When we do good for him, he does good for us.

For more than seventy years, every nook and cranny
of planet Earth was entertained by 
the regal blues of  THE KING.

B.B. King, that is.


He died on Thursday.

Everyone on earth has 
reason to mourn 
his passing.




But in the uber-real estate
known as the Great Beyond,
the reaction was decidedly different.

Death is the primary admission requirement for Eternal Paradise.

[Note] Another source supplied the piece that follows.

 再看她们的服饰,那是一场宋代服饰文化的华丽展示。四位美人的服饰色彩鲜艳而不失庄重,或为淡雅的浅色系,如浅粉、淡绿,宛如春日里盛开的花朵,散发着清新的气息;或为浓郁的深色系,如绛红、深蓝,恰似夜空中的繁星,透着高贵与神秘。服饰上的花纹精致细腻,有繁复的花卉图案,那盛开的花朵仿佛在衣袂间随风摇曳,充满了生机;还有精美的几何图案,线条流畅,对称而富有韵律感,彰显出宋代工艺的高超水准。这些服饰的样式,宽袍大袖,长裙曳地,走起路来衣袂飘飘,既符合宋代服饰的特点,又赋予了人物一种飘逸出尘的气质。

When that death is combined with  ARTISTIC TALENT,
all the residents of the Great Beyond jump for joy
and get happy feet.

Our loss was Heaven's gain.


Godette selected 
Seventy-two women 
all named  Lucille  
to welcome B. B. King 
at the Pearly Gates. 



The welcome party lasted through the night,
long after B.B. King went to sleep
in a luxury suite that resembled
both Mount Olympus and
the south of France.

The luxury suites were managed by  Paul Rosenberg
who also represented Mr. King's  neighbors–
Pablo Picasso, Henri Matisse, and Georges Braque. 

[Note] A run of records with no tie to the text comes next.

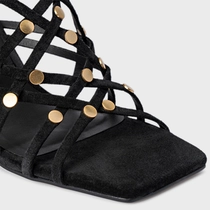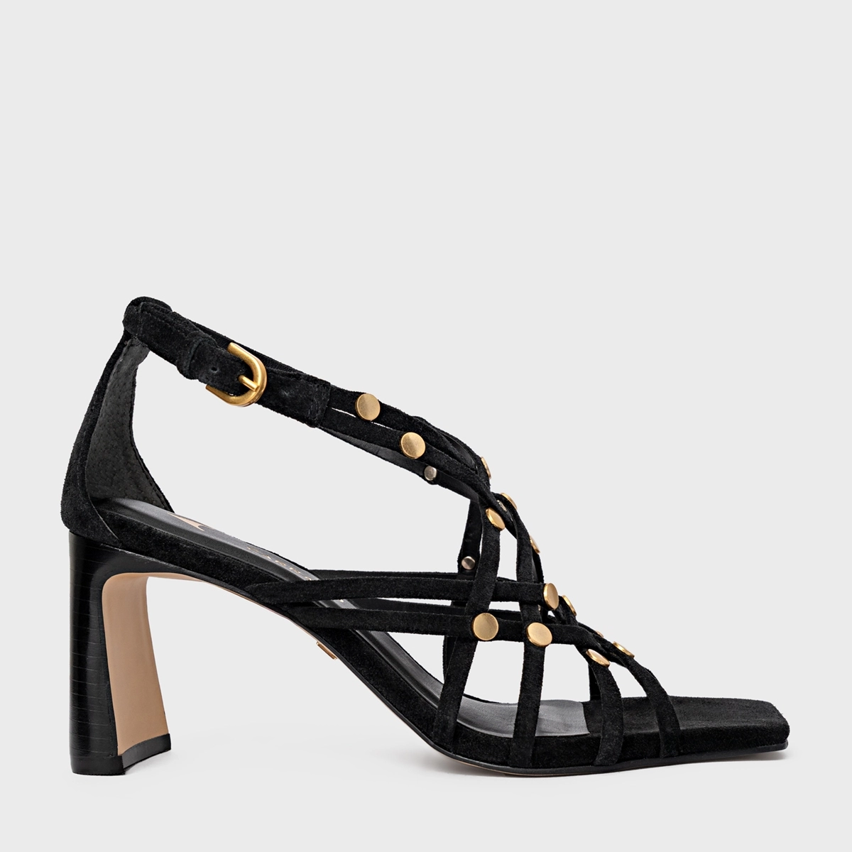 Sandália Tiras Studs Salto Uno Couro Suede Preto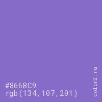 Цвет #866BC9 в цветовой модели RGB обозначается тремя октетами (134, 107, 201) в десятичном формате и #866BC9 в шестнадцатиричном (hex) формате, которые являются интенсивностью красного 134 (hex 86), интенсивность зелёного 107 (hex 6B) и интенсивность синего 201 (hex C9).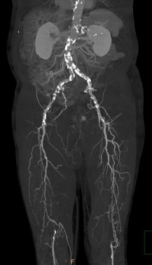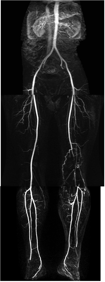 Multi-slice CT is able to perform CT angiography scans that map the body from the diaphragm to the ankles depicting the complete arterial tree with adequate intensity and with appropriate spatial resolution. In most cases this has a sufficing diagnostic value and it is especially advantageous for the rapid assessment of patients in poor condition. For the MRA of this wide region a special table toggling technique is required. This method applies prolonged injection of intravenous bolus contrast medium, and in three table-toggling steps it can visualize the arterial system of the abdominal aorta and the peripheral arteries up to the ankle with an acceptable spatial resolution. MRA examinations has the best diagnostic value for lesions presenting at the aortoiliac and femoropopliteal regions in cases with a relatively limited extension and a reasonable severity. CTA examination (with specific contrast injection protocol) provides better spatial resolution tough even in this region starting to replace angiography as a first choice of examination in the diagnostics of acute coronary syndromes.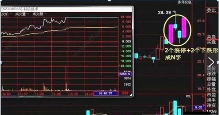 3、股价在上涨时,再次出现涨停板,形成N字!

If anyone compared music with art and the topic
was blues guitarists, B.B. King would be 
the equal of Pablo Picasso.

The only difference would be that Mr. King
was always better dressed than Mr. Picasso.

B.B. never went on stage unless 
he was wearing a tailored suit! 

About Paul Rosenberg:
There is a  most unique thing about Mr. Rosenberg–
a Jewish art dealer who needed fast feet to outrun
a guy named Hitler:

In addition to representing artists, he was 
also a trustworthy friend of those artists
during their time on Earth.

Meanwhile, back on our Planet, midnight had struck
and it was 5/15/15.

Earth had delivered  B. B. King  to the Great Beyond.

This was indisputably a very good deed "we" had done
for God and Godette, who manage that uber-real estate.

One Good Deed Deserves Another  
may be redundant up there–
within the afterlife–but for us 
on Earth, a good deed deemed 
deserving by divine intervention 
is ALWAYS welcome.

The last of the Seventy Two Women Named LUCILLE
was the model who posed for Matisse's Seated Woman.

On 5/15/2015,  she slept in B.B. King's bed.   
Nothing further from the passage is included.